I look around, and the other girls are halfway through their pasta.

“I wonder if it would be helpful to you if we played a game to distract while you eat. Could we give that a try?”

I’ve looked at her before, but now I really look at her. I hold her turquoise gaze without looking away, like there is a silky thread strung from my pupils to hers, and I do the unthinkable: I beg. Please don’t make me do this. Not today. I try to make her understand what I know deep down: I can’t. Get it?

She gives me an almost imperceptible head nod that proves she doesn’t.

“We can play the alphabet game.” Ashley reaches over and squeezes my wrist. For a second, my red bracelet disappears. I don’t breathe again until she lets go. “Books. You like books, right? I’ll go. A: Alexander and the Terrible, Horrible, No Good, Very Bad Day. It’s a kid’s book. I used to read it when—I was a kid.”

“I don’t want to play,” I mumble. Accidentally, my gaze falls on my plate. The pasta writhing beneath chunks of sauce. The salad limp and slick.

B: Breaking Dawn. From Twilight,” Cate says before carefully pressing the tines of her fork into a pale, fleshy tomato.

C: Charlie and the Chocolate Factory,” Shrink says. “My absolute favorite. Give it a shot, Stevie. I know you can do it.”

I lift my fork, all the while thinking nonononono, but fuck I have to, there’s no other choice. It’sforJoshit’sforJosh. And I stab a chunk of carrot with my fork. It feels like lead on my tongue and I chew and swallow fast. The oil from the dressing coats the inside of my mouth, and Shrink smiles.

“Can I do a movie?” Teagan’s voice sounds far away. “D: Dirty Dancing. My older sister used to watch that movie all the time. The main guy’s dead from cancer.”

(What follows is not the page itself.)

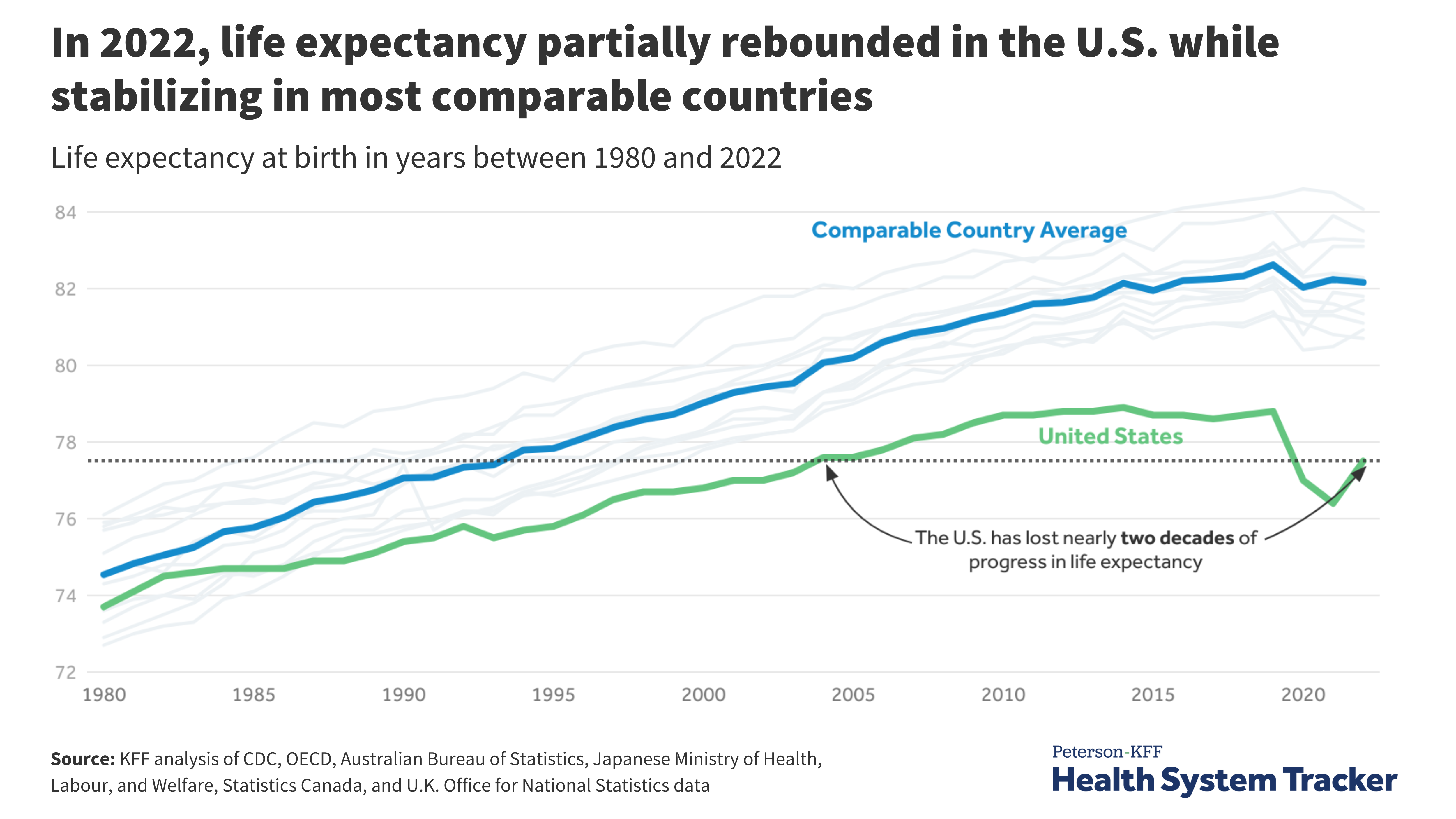 Life expectancy in the U.S. decreased by 1.3 years from 2019 before the COVID-19 pandemic to 2022, whereas in peer countries life expectancies fell by an average of 0.5 years in this period. While life expectancy in the U.S. increased by 1.1 years from 2021 to 2022, U.S. life expectancy continues to lag behind life expectancy in comparable countries.

My fingers still frozen around the fork, I try again. Twirl the pasta around the tines while I think about anything other than the whiteness of it, the carbs, the butter. I stab and twirl, then slip the fork past my unwilling lips.

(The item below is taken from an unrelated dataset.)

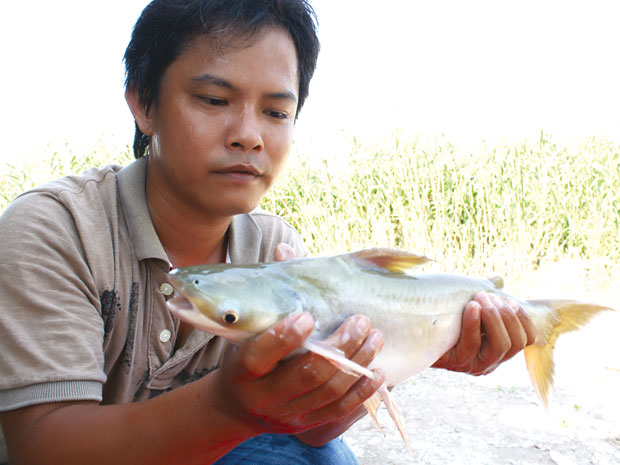 10/11/2013 5:57 PMNhìn từ xa, mảnh đất rộng mênh mông đầy lau sậy, cỏ dại nằm xen giữa cánh đồng nuôi tôm công nghiệp ở xã Phú Tân, huyện Tân Phú Đông, tỉnh Tiền Giang, không ít người phải luyến tiếc khi giá tôm đang ở mức rất cao như hiện tại. Khi đến gần, khu đất rộng khoảng 10ha này dù đã được xẻ mương thẳng tắp, nối thông với nhau, nhưng mặt nước cặp theo các bờ cỏ cây ngả rạp đã che kín, những khoảng trống mặt nước còn lại cũng yên lặng… Nhưng đó lại là nơi tạo cảnh tự nhiên để gây nuôi những loài cá da trơn

It should feel like something more than this. It should be a monumental moment, but it isn’t. One minute I’m taking a bite of pasta, and then next Shrink is saying G: Great Expectations and I can feel everything mixing around together in my gut and my stomach surges a few times—false starts.

At the end of the meal, we clear our plates and leave them in the sink.

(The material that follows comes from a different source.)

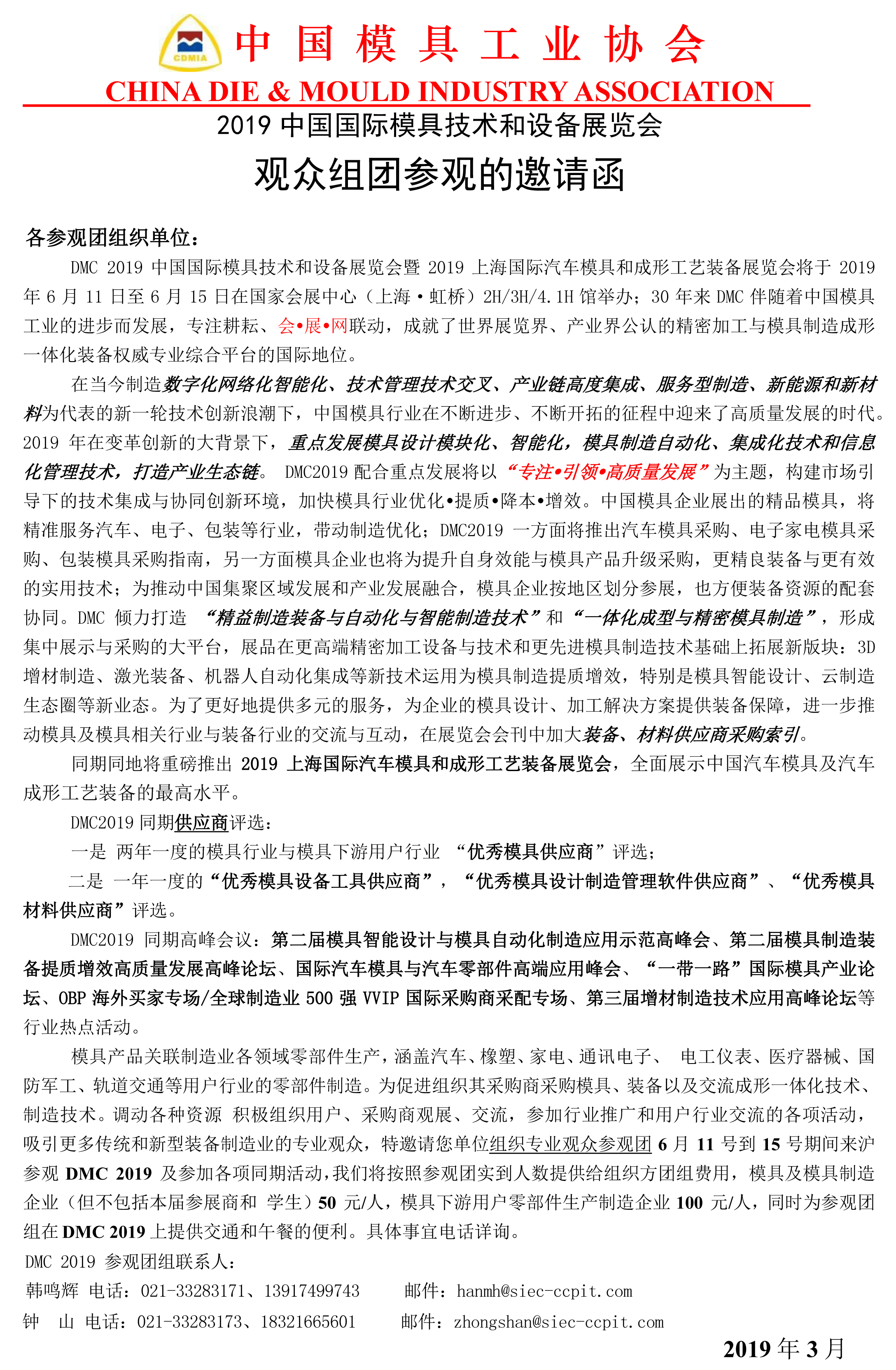 2019中國國際模具技術和設備展覽會觀眾組團參觀的邀請函

“Excellent job, girls. I’m proud of all of you,” Shrink says. She drains the last of her Coke, which surprises me, because she seems like a coconut water kind of chick. “You can head back to the villa together, if you’d like. I’ll finish up here.”

Outside, I squint into the heat. I can feel my stomach expanding, my belly fighting against the waistband of my jeans. I hate this, all of it. I hate Shrink and I hate myself and I even hate Josh a little, which I know is unfair, but there it is.